Fixer des standards pour la communication
Pour optimiser le pilotage des batteries et de tous les composants du système – onduleur, SGE, pompe à chaleur –, il faut assurer leur communication, leur contrôle judicieux et leur intégration fiable. L’association SmartGridready offre un soutien indépendant du fabricant et neutre aux développements dans ces trois segments. Sa représentante, Maike Schubert, révèlera les solutions déjà développées. «Avec notre label, nous rendons plus transparent un marché compliqué et promouvons l’établissement d’interfaces unitaires», déclare-t-elle. Le label «bâtiment et surface SmartGridready» garantit l’intégration optimisée d’installations PV, de pompes à chaleur, stations de recharge ou batteries au sein d’un système de gestion énergétique et des charges. Limiter la puissance consommée en est un aspect essentiel. En effet, les consommations de pointe coûtent cher et peuvent être réduites; Maike Schubert présentera une exploitation agricole pour exemple. «Les moyens investis dans les mesures d’optimisation s’amortissent au bout de quelques années», dit-elle.

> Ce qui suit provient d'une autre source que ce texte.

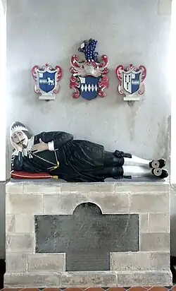 The heraldic achievement above the effigy shows arms: Azure, five fusils fesswise argent a canton of the last; crest: A demi-lion rampant bezantee azure armed and langued gules holding between its paws a fusil argent.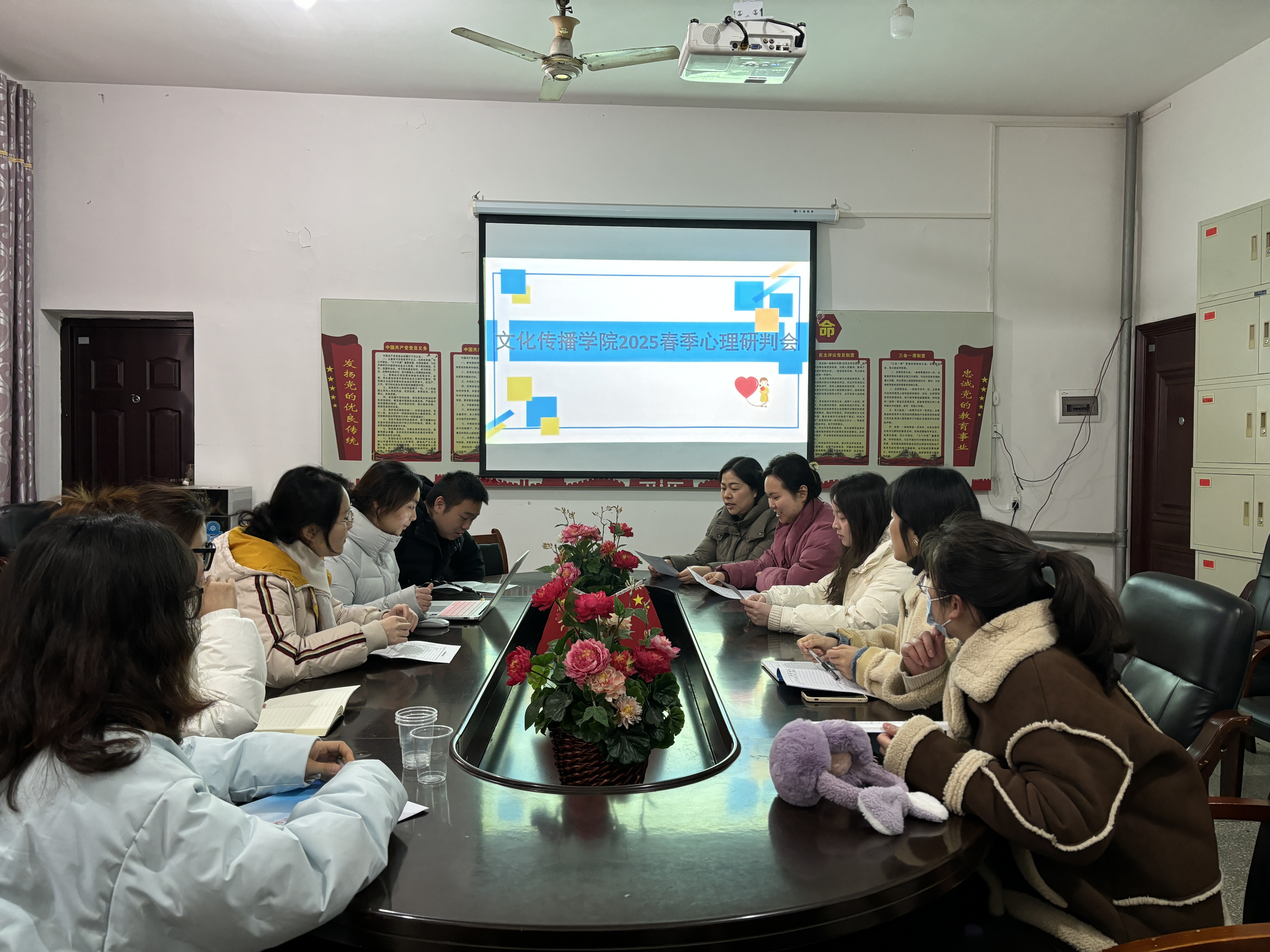 为深入贯彻落实教育部关于高校心理健康教育工作的部署要求,切实保障学生身心健康与校园安全稳定,文化传播学院于2025年3月6日上午10点,在北科楼209组织召开2025年春季学期心理健康安全研判会。此次活动由心教专干朱莉老师主持,文化传播学院学工副院长谢花萍出席会议并讲话,22级、23级、24级辅导员参会。

Échange d’énergie au niveau réseau inférieur
Les réseaux profitent également d’une consommation de puissance équilibrée et d’un maximum de consommation propre de l’énergie solaire – directe ou stockée. Possibles depuis début 2026, les communautés électriques locales (CEL) doivent elles aussi encourager la consommation sur site. À travers le réseau de distribution local, les producteurs d’énergie solaire réunis au sein d’une CEL peuvent fournir leur électricité aux consommateurs du même niveau, ce qui permet de réduire de 20 à 40% la redevance d'utilisation du réseau. Désormais, des bâtiments éloignés pourront aussi s’alimenter au courant produit par d’autres, et on pourra créer des marchés d’énergie solaire au sein d’une commune. Yannick Sauter, Planair, a analysé plusieurs concepts de telles CEL: «La solution est intéressante notamment pour les communes souhaitant intégrer leurs propres bâtiments dans le même réseau», dit-il. Une CEL leur permet d’accroître leur consommation propre de 10 à 30%. Or, l’ajout de parties supplémentaires n’est guère rentable. «Le système de décompte qu’il faudrait coûte plus cher que les économies atteintes au niveau de la taxe d’utilisation du réseau.» La rentabilité ne serait atteinte qu’à partir de 60% de réduction, en principe autorisée par la loi sur l’électricité. Mais l’ordonnance stipule actuellement une remise moins importante.
Les conditions cadres régulatrices sont donc améliorables. Mais le secteur est lui aussi appelé à évoluer. Et il le fait: beaucoup d’approches et de modèles commerciaux novateurs pour commercialiser des systèmes complets ou des flexibilités sont en passe de se lancer. Le Congrès PV en offrira des aperçus passionnants.